Learning Generalizable Program and Architecture Representations for Performance Modeling

TL;DR

This paper introduces PerfVec, a deep learning framework that learns generalizable program and architecture representations for performance modeling, enabling accurate predictions across diverse hardware and software configurations.

Contribution

PerfVec is the first to learn high-dimensional, orthogonal program and microarchitecture representations that are broadly applicable and efficient for performance prediction tasks.

Findings

PerfVec outperforms existing models in accuracy and efficiency.

It provides a foundation model capturing instruction performance.
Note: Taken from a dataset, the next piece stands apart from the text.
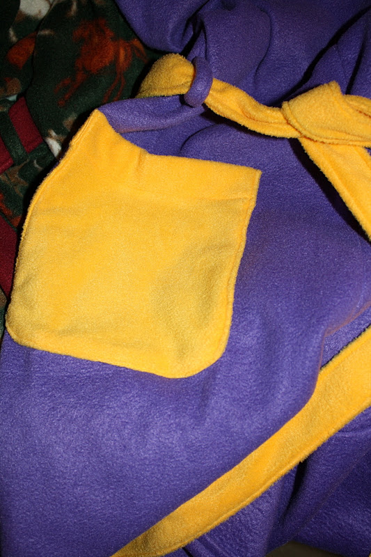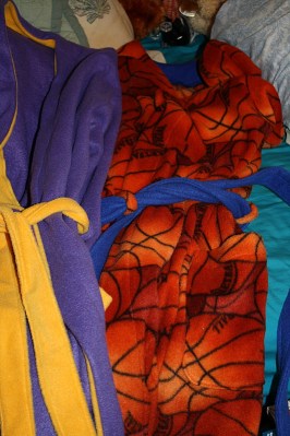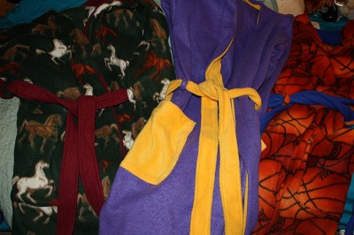 In any case, I made 3 bathrobes in various sizes (and I apologize for poor photos – taken hastily in secret before wrapping):

Demonstrates broad generalization across hardware and software.

Abstract

Performance modeling is an essential tool in many areas, including performance characterization/optimization, design space exploration, and resource allocation problems, to name a few. However, existing performance modeling approaches have limitations, such as high computational cost for discrete-event simulators, narrow flexibility of hardware emulators, or restricted accuracy/generality of analytical/data-driven models. To address these limitations, this paper proposes PerfVec, a novel deep learning-based performance modeling framework that learns high-dimensional and independent/orthogonal program and microarchitecture representations. Once learned, a program representation can be used to predict its performance on any microarchitecture, and likewise, a microarchitecture representation can be applied in the performance prediction of any program. Additionally, PerfVec yields a foundation model that captures the performance essence of instructions, which can be directly used by developers in numerous performance modeling related tasks without incurring its training cost. The evaluation demonstrates that PerfVec is more general and efficient than previous approaches.